In [3]:
import urllib.request
import zipfile
import os
import pandas as pd
import numpy as np
from datasets import Dataset
from transformers import (
    GPT2Tokenizer,
    GPT2LMHeadModel,
    TrainingArguments,
    Trainer,
    DataCollatorForLanguageModeling
)
import torch

In [4]:
device = torch.device("cuda" if torch.cuda.is_available() else "cpu")
print("Используется устройство:", device)

Используется устройство: cpu


In [5]:
# 2. Скачиваем архив, если его ещё нет
url = "https://www.cs.cornell.edu/~cristian/data/cornell_movie_dialogs_corpus.zip"
zip_path = "cornell_movie_dialogs_corpus.zip"

if not os.path.exists(zip_path):
    print("Скачиваю корпус диалогов...")
    urllib.request.urlretrieve(url, zip_path)
    print("Скачивание завершено.")
else:
    print("Архив уже скачан, пропускаю скачивание.")

# 3. Распаковываем архив, если папка ещё не распакована
extract_dir = "cornell movie-dialogs corpus"  # именно так называется папка внутри архива

if not os.path.exists(extract_dir):
    print("Распаковываю архив...")
    with zipfile.ZipFile(zip_path, "r") as zip_ref:
        zip_ref.extractall(".")
    print("Распаковка завершена.")
else:
    print("Папка уже распакована, пропускаю распаковку.")

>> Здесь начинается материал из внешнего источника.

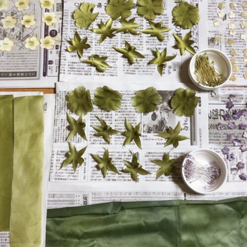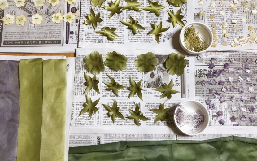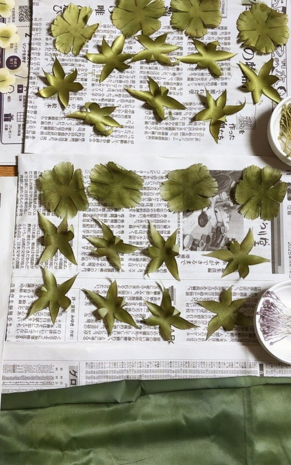 昨日から、『ミモザ』のパーツつくりを始めました。 染めや葉っぱのカットなどの下準備は、 【個展用】制作していた分から分けてもらったので大丈夫。 花はこ...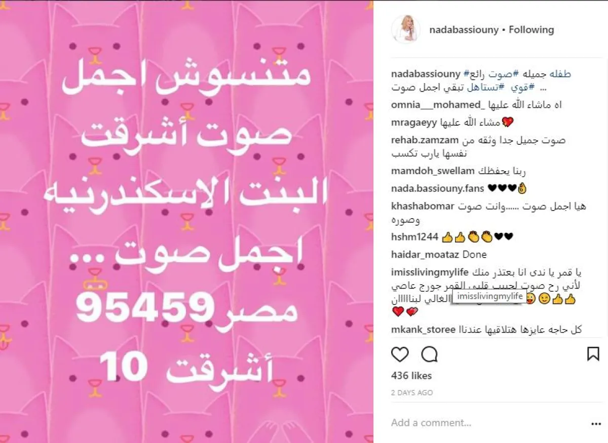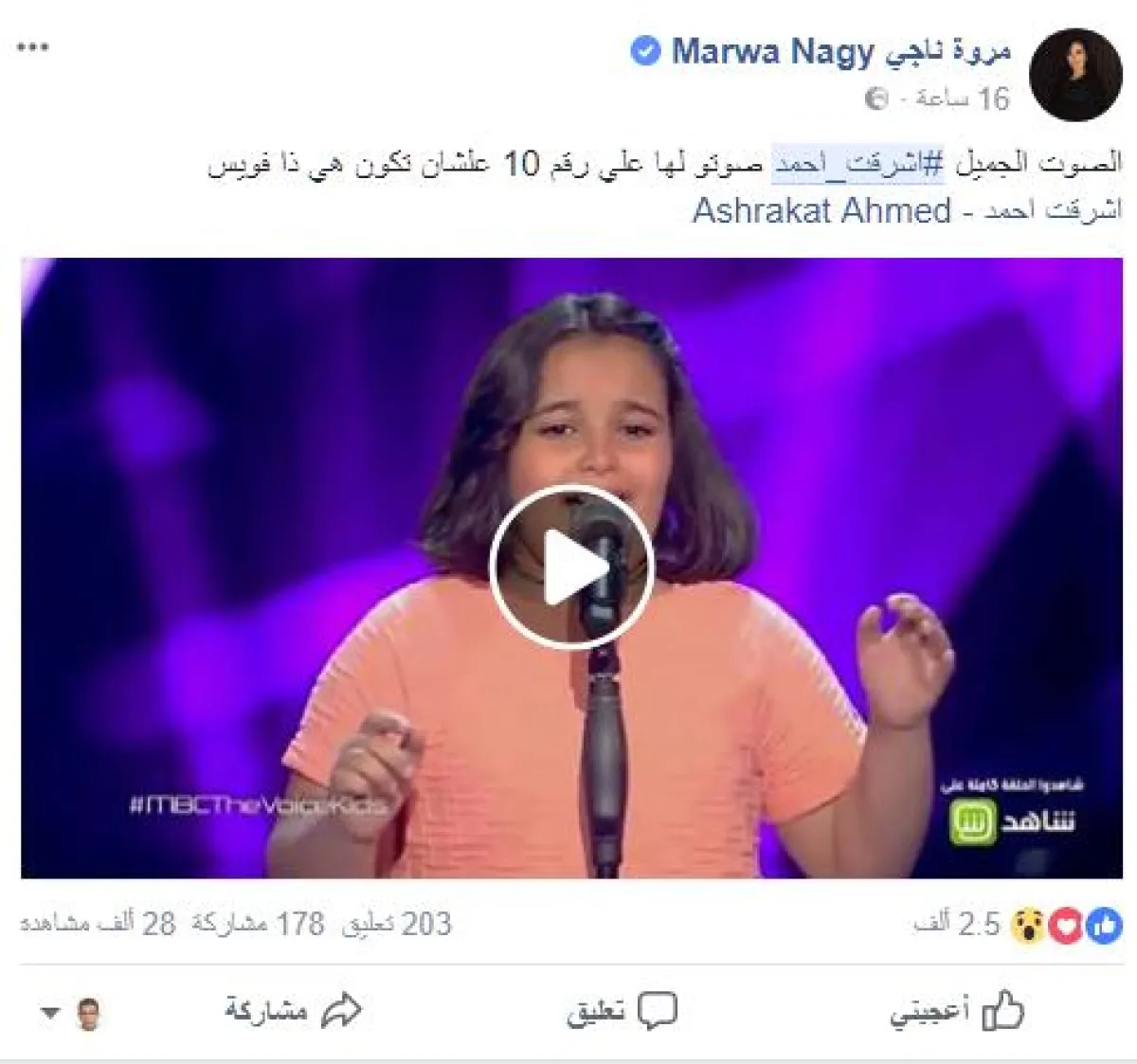 مروة ناجي كتبت عبر حسابها الرسمي بموقع الفيس بوك: الصوت الجميل #اشرقت_احمد صوتو لها على رقم 10 علشان تكون هي ذا فويس!!

Скачиваю корпус диалогов...
Скачивание завершено.
Распаковываю архив...
Распаковка завершена.


In [6]:
path = 'cornell movie-dialogs corpus'
with open(f'{path}/movie_lines.txt', 'r', encoding='iso-8859-1') as f:
    lines = f.readlines()

line_id_to_text = {}
for line in lines:
    parts = line.split(' +++$+++ ')
    line_id = parts[0]
    text = parts[-1].strip()
    line_id_to_text[line_id] = text

with open(f'{path}/movie_conversations.txt', 'r', encoding='iso-8859-1') as f:
    conversations = f.readlines()

qa_pairs = []

for convo in conversations:
    parts = convo.split(' +++$+++ ')
    line_ids = eval(parts[-1])

    for i in range(len(line_ids) - 1):
        q_id = line_ids[i]
        a_id = line_ids[i + 1]
        if q_id in line_id_to_text and a_id in line_id_to_text:
            question = line_id_to_text[q_id]
            answer = line_id_to_text[a_id]
            qa_pairs.append({
                'input': question,
                'target': answer
            })

# В DataFrame
df = pd.DataFrame(qa_pairs)
print(f"Всего пар реплик: {len(df)}")
print("\nПримеры:")
print(df.head(3))

tokenizer = GPT2Tokenizer.from_pretrained('gpt2')
tokenizer.pad_token = tokenizer.eos_token

Всего пар реплик: 221616

Примеры:
                                               input  \
0  Can we make this quick?  Roxanne Korrine and A...   
1  Well, I thought we'd start with pronunciation,...   
2  Not the hacking and gagging and spitting part....   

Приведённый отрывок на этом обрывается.